[blevin]

Sounds fascinating. What coordinate systems are used for treatment planning? Given how much bodies can change over time, and the difficulty of re-achieving a specific pose, I'm curious if there are interesting ways to correlate measurements over time. Certainly, medical training involves learning lots of prepositional anatomy words like "antecubital" but is there anything more precise, a GPS system for bodies? This seems very challenging for e.g. the gastrointestinal tract -- but I could imagine something using lots of relative reference points, the way I assume surgeons orient themselves.

[loarake]

It's much more primitive than you think. Dose distributions are simulated based on a CT/MRI that was acquired before treatment (treatment often lasts weeks). Only minor corrections are made when anatomy changes during the course of treatment, even though the patient is often losing tons of weight due to chemo, etc. There are quite a few tools that help with patient positioning, like vac-lok bags or literally molding a mask and drilling it down on the treatment couch (an example is shown here: https://newsnetwork.mayoclinic.org/discussion/new-radiothera...).

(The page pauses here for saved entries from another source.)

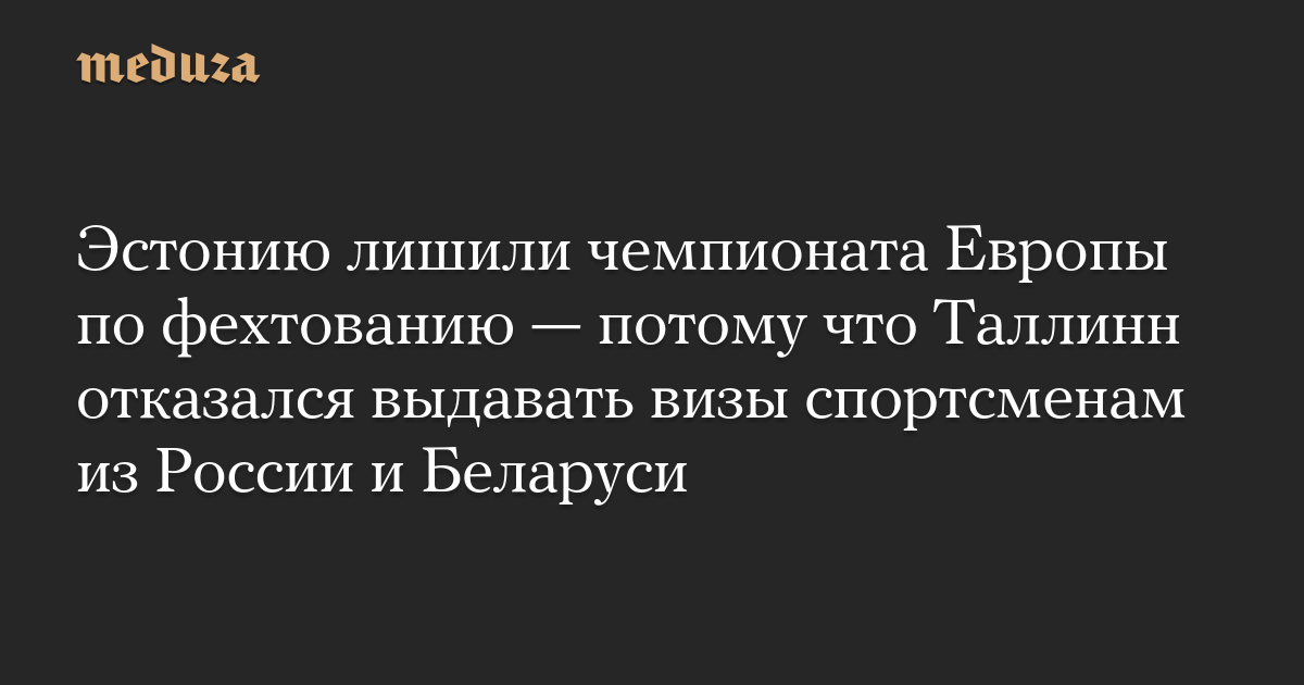 Эстонию лишили чемпионата Европы по фехтованию — потому что Таллинн отказался выдавать визы спортсменам из России и Беларуси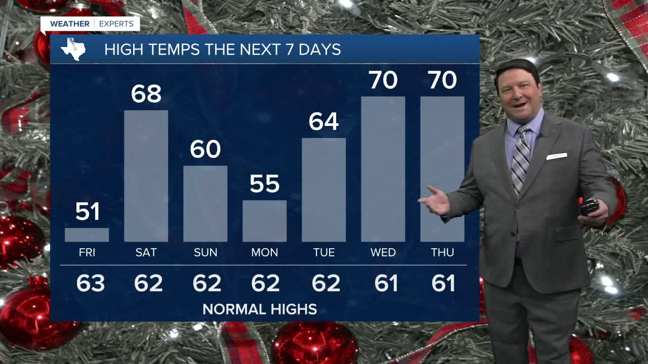 25 EVENING WEATHER — It will be chilly tonight with clouds and patchy areas of drizzle. Lows will fall into the upper 30s and low 40s in the morning. Friday, the clouds stick around with a few showers, especially across the southern and eastern parts of Central Texas. Highs will be in the upper 40s and low 50s east and mid to upper 50s west where you could see a few peeks of sun.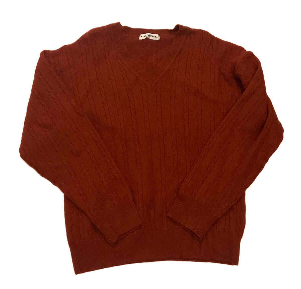 - Lancel ランセル 日本製 毛100% 長袖 Vネック セーター 90s 沈んだ赤色 Lサイズ

Motion during treatment can be tracked with cameras or IR sensors or subcutaneous probes but that doesn't tell you about internal organs moving. The topic of deformable registration, where you find a non-rigid mapping between initial imaging conditions and the current ones, is still a topic of active research. Adaptive planning, where you actively change the treatment plan every N sessions based on the most up to date information, is also actively researched / implemented in some good research centers.

For treatment planning you just use a standard Cartesian grid, or a "beam's eye view" coordinate system that's aligned with the radiation beam axis as it rotates around the patient.

[blevin]

Makes sense; thanks. I'm out of my depth but it seems neurosurgery may just have it easier here, being able to fix a rigid stereotaxy head frame and fiducial markers across both imaging and therapy. Not to mention less tissue deformation enabling a gamma knife intersection-of-beams approach (i.e. ~200 collimated, mm-wide gamma sources).

Not to be glib but on behalf of the thousands of people going into a radiotherapy clinic today for treatment, thanks for working to improve these techniques.